BDL, i 'd be interested in your comments here...would you, could you care to....you two have the same sized paws! since you're the grillmeister around these parts, i'd like to learn how to grill scallops..and how you would grill these scallops...just don't think you can beat wood for grilling or oven cooking..if i could i would have one of those Mugnaini italian style wood oven...outdoors.....don't go getting any more ideas for your backyard though!...also, what about smoke curing scallops? cold smoking, hot smoking...not sure which is the better choice, as i don't know much about either method...only that one is not really cooked, only smoked(cold) and takes a long time and the other is actually cooked through....or something like that...think it would be  pretty darn tasty....

joey


----------



## boar_d_laze (Feb 13, 2008)

Thanks for asking Joey.  I'm tickled. 

I've never smoked scallops.  Hard to find the right size papers, hard to keep them lit, and you don't catch much of a buzz anyway.  Wait.  I meant that smoke overwhelms their delicate taste.  Yep.  That's it.

The trick to grilling scallops is the same one for searing them.  Heat management.  You want the temp high enough to "caramelize" the outside, but not so high as to make the outside rubbery and leave the inside raw.  It was you, I think, you mentioned bisecting them horizontally, which amounts to pretty much the same thing in that it allows you to use a lot of heat for a short time. 

The OP's problem was always heat management -- either using too much or too little, and never quite catching it right.  For home cooks, it's probably best to use one setting for almost all searing -- medium high -- and manage the rest through time.  The best strategy for the OP could be to lower the heat slightly, cook just long enough to get some color on the top, and rest the scallops long enough to coast into "done" (which in the case of a scallop means a streak of translucent in the middle); but more likely is make them thinner and a lot less technical.  Speaking of technique, it's very important to touch test the scallops through their cooking period.  Respective degrees of toughness and doneness should never come as a surprise.  You already know that, I'm just saying it for everyone else's benefit.

I do like to grill scallops.  Gas is good, briquettes are better, lump is better still, and a live wood fire is MUCH better.  For the home cook who does a lot of grilling, it may be worthwhile to get an inexpensive charcoal grill just for those things -- like seafood -- which do so much better over coals.  A good hibachi is a great choice. 

The rule for temp on grilling seafood, is the thinner the fish the hotter the heat.   Again, you want to stop at slightly undercooked and coast into the desired state of doneness.  So catch a little char and remove.

You want both your grill very clean, well lubricated, and appropriately hot.  The scallops should also be well oiled, and because they're usually relatively thin, an appropriately hot fire is pretty darn hot -- no cooler than a "four count."  Heat for really big scallops is trickier -- five or six count would be more lie it. 

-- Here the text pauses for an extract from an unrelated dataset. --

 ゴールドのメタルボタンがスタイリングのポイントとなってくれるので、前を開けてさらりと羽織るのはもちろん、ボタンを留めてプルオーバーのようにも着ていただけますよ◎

I like to season very simply.  First, scallops are inherently lovely and don't need much help; and second, the taste of the fire itself is about as perfect as it gets.  Dip the scallops in melted butter or olive oil, season conservatively with salt, pepper and paprika, grill immediately. 

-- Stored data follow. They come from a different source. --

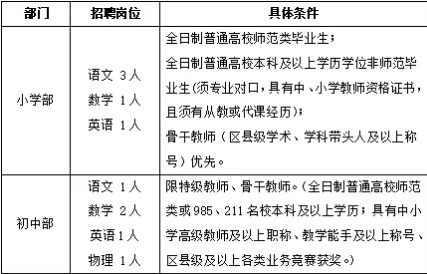 根據(jù)2021年事業(yè)發(fā)展需要,學(xué)校將公開招聘中、小學(xué)優(yōu)秀骨干教師,歡迎有志之士加盟。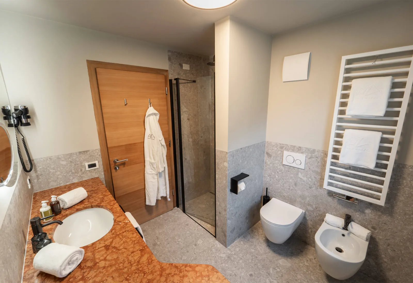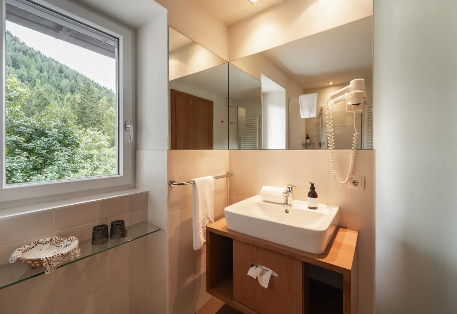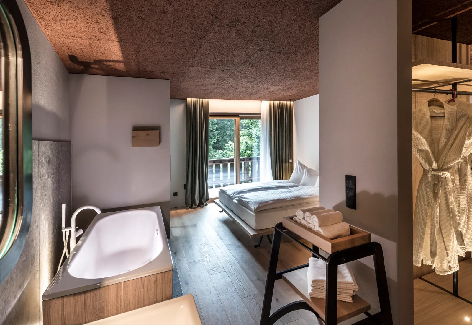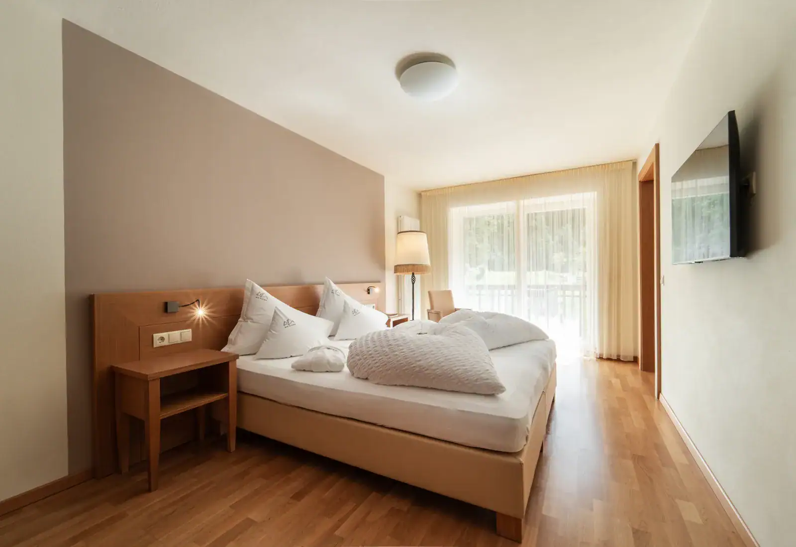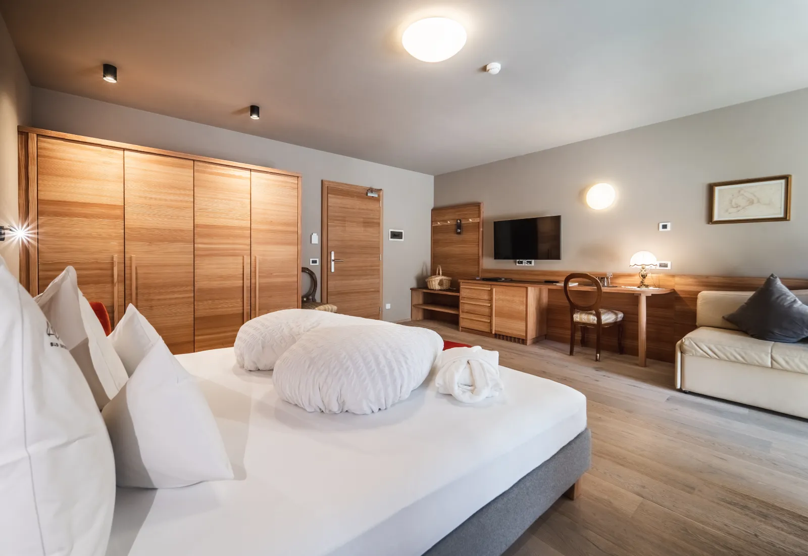 Bad Ratzes SuperiorDimensione:42 mq Capienza:4 persone Ambienti:2 stanze Camera doppia collegata a una camera a 2 letti. Possibilità di 3o letto o culla. Balcone, telefono, TV, cassetta di sicurezza, minibar. Bagno con doccia e toilette separata. Nel bagno spazio per fasciatoio e accessori. | Bad Ratzes Superior |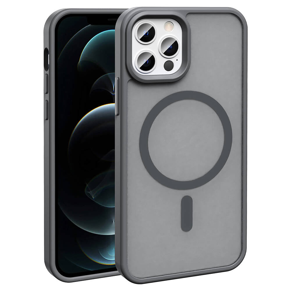 Apple iPhone 12 Pro Kılıf Magsafe Şarj Özellikli Mat Arka Yüzey Zore Sio Kapak Gri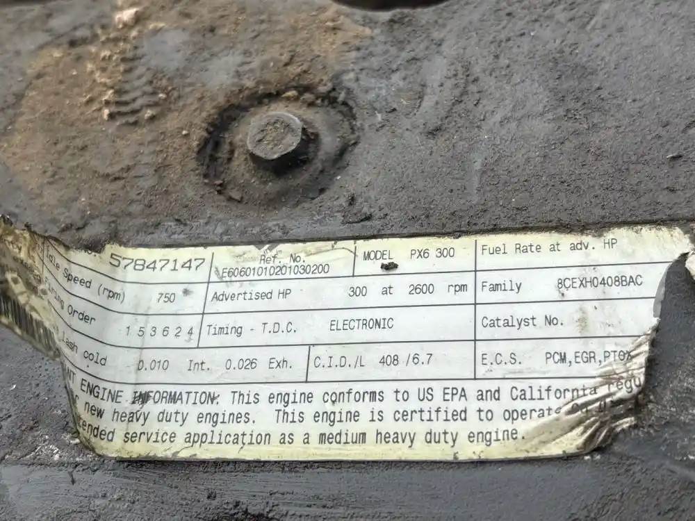 (Core) ENGINE Does Turn 360 degrees complete , 2008 PACCAR PX-6, ENGINE ASSEMBLY- Family Number: 8CEXH0408BAC, Displacement: 6.7L, Horsepower: 300, Ar.No./CPL: 0279, Serial Number: 57847147, Part Number: E60601010201030200, E.C.S: PCM, EGR PTOX, Reference images for condition For more information about this item, give us a call. We ship Worldwide! (CRG HEAVY TRUCK PARTS) 929 W PULASKI HWY ELKTON, MD 21921, Serial#: 57847147, Horse Power: 300, Casting#: 25235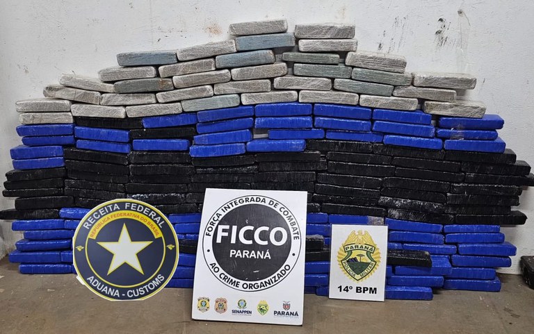 A Força Integrada de Combate ao Crime Organizado do Paraná (FICCO/PR), em ação conjunta com a Polícia Militar do Paraná, equipes do Batalhão de Polícia de Fronteira (BPFRON), ROCAM e POP do 14º BPM e Receita Federal, apreendeu, na manhã desta terça-feira (2/12), 105,6 kg de maconha e prendeu dois homens por tráfico internacional de drogas em Foz do Iguaçu/PR.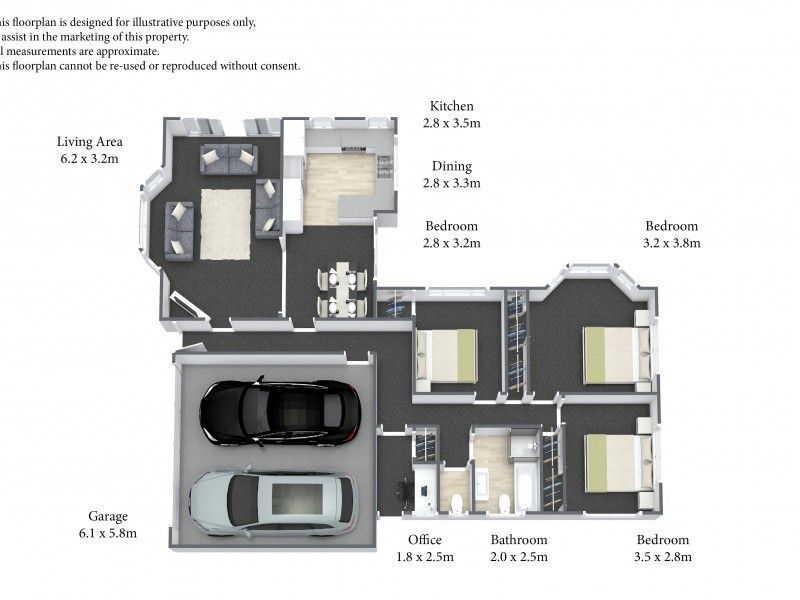This spacious 3 bedroom, 1 bathroom (2 toilets), 1 office house is located at 62

If you must sauce, be very simple with nothing more complicated than a sauce persel (parsley, butter, white wine, garlic, (optional) worcestershire). 

BDL


----------



## escabeche (Jul 21, 2011)

Hi,

I have worked some really high end restaurants. I really prefer to pan sear them but some really nice ways to serve a scallop like that would be "scallop ceviche" which is marinated inthe raw stage with citrus or lemon juice or my favorite is " Scallop Escabeche" which is pan seared quickly then marinated in citrus, garlic, olive oil, tomatoes other seafood compliments each dish very well.

Good Luck

Dominick Bersani


----------



## chefedb (Apr 3, 2010)

Make sure you remove the muscle on the scallop in particular the large ones . If you leave on in the cooking the scallop will shrivill up and the muscle is so tough that it is inedible. Never cut a scallop in particular the large diver type. I have had some commercially  smoked scallops and shrimp, they were delicious. but they do ever so slightly overpower the sweetness of the scallop


----------



## someday (Aug 15, 2003)

So listen, you've gotten a lot of good advice on scallops here. 

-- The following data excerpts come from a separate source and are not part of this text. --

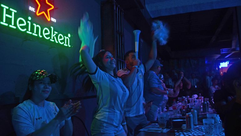 Ya está. Es ahora. El himno neerlandés primero, porque ya no les dicen holandeses. Y ese naranja que muchas veces fue un fantasma de la eliminación. Pero después entonan el himno argentino, y el público de Mood se levanta y corea la melodía con una voz que hace temblar al local. Un reflector ilumina la pista de baile como si fuera un estadio en un juego nocturno. "Oooh, te vinimos a alentar", cantan mientras los once de Scaloni dan los primeros toques.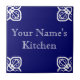 Sinal de cozinha. Branco sobre azulejo espanhol azul.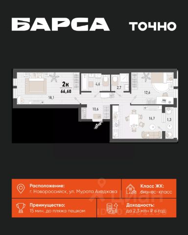Жилой комплекс "Барса" включает в себя 5 корпусов переменной этажности: от 15 до 24 этажей. Дом возводится по долговечной монолитной технологии. Фасады облицованы кирпичом. В проекте выполнена дизайнерская отделка входных групп, установлены современные скоростные лифты. В жилом комплексе "Барса" предложено множество планировочных решений: в наличии квартиры, как классического типа, так и европланировки. Сдаются они с чистовой отделкой, панорамными окнами и высотой потолков 2,66 метра. Комплекс находится под охраной и видеонаблюдением. Территория комплекса благоустроена, организованы аллеи для прогулок, детские площадки и спортивные зоны. Двор комплекса закрыт от автомобилей. Для автовладельцев предусмотрен отдельный многоуровневый паркинг. Жилой комплекс "Барса" расположен в Южном районе Новороссийска. В пешей доступности работают: школа, поликлиника, детский сад, магазины, отделения банков и магазины. До центра Новороссийска — 15 минут транспортом.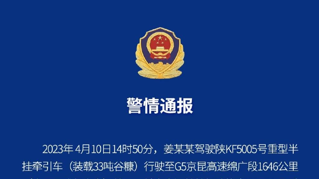 央视网消息:据@四川交警高速二支队微博通报,4月10日14时50分,姜某某驾驶陕KF5005号重型半挂牵引车(装载33吨谷糠)行驶至G5京昆高速绵广段1646公里(广元至成都方向)处,与前方由汤某某驾驶的豫NA3962号重型半挂牵引车发生追尾碰撞,造成陕KF5005号重型半挂牵引车发生燃烧,无人员伤亡的道路交通事故。事故发生后,高速交警和应急救援等相关部门迅速赶赴事故现场,并开展交通管控、灭火施救、交通疏导工作,目前,事故具体原因正在进一步调查之中。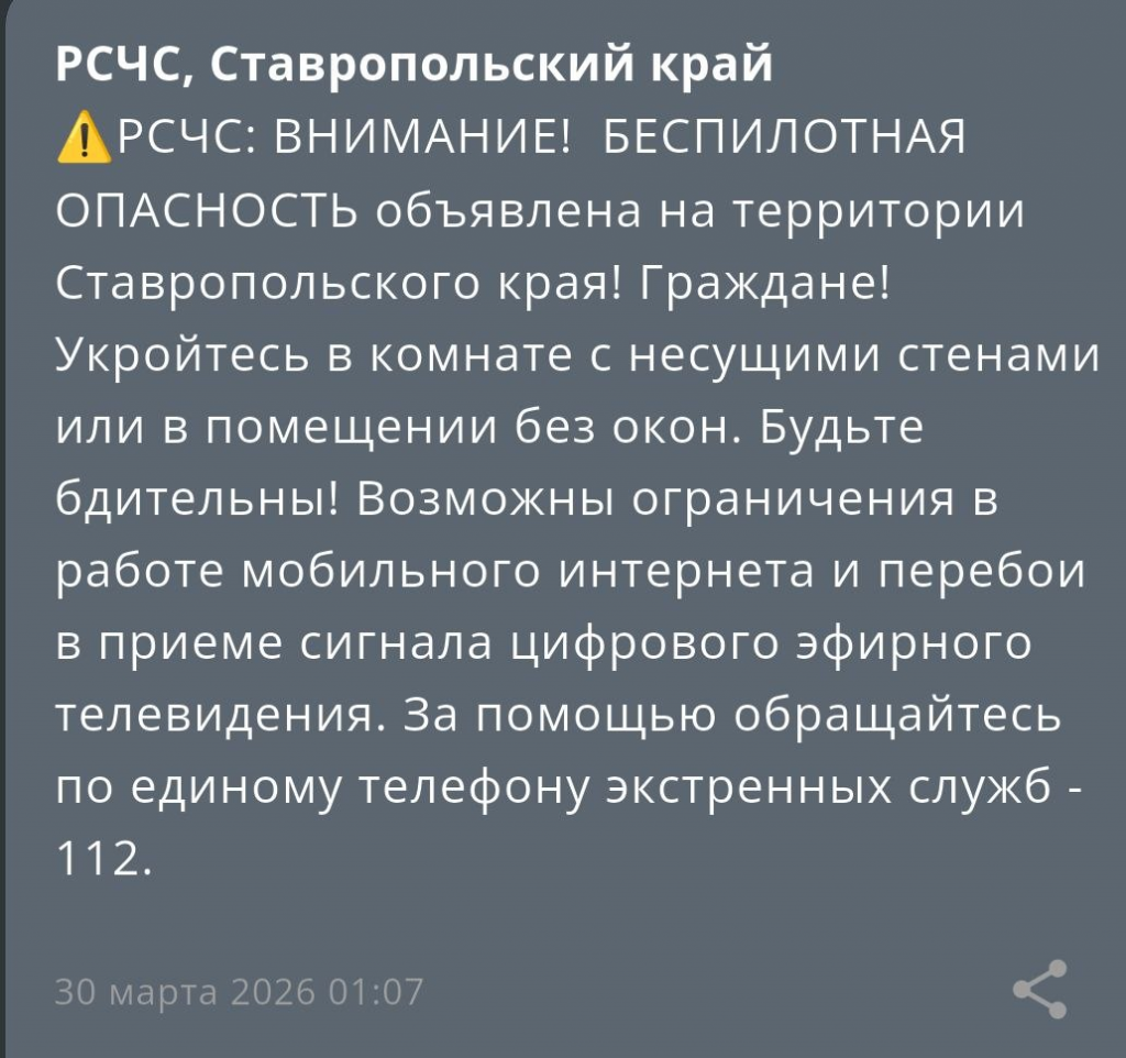 В ночь с 29 на 30 марта на телефоны ставропольцев вновь пришли уведомления о беспилотной опасности. Этими данными поделились в РСЧС в 1:07.

If you want my .02 cents...

The two most important things when cooking beautiful scallops is to 

1) Not overcook them

2) Be subtle

I've never understood the bacon wrapped scallop thing. All you taste is the bacon. You get some texture from the scallop, but why take something that is sweet, succulent and gorgeous on its own and wrap it with smoke and fat? 

I agree that bacon is a great flavoring, but a little goes a long way (subtle). If you are going to use bacon, be very sparing...like a flavoring in a corn, bacon, and mushroom ragout or something.  Make sure it compliments the scallops and doesn't overwhelm. I would also stay away from things like mango chili cream sauces with asian pesto type things. Nothing wrong with it, to me though, thats not what you should do with fresh, personally-hand-dived scallops. Also, make sure that you don't spend 20 minutes plating your scallops and taking pictures so that they go cold. 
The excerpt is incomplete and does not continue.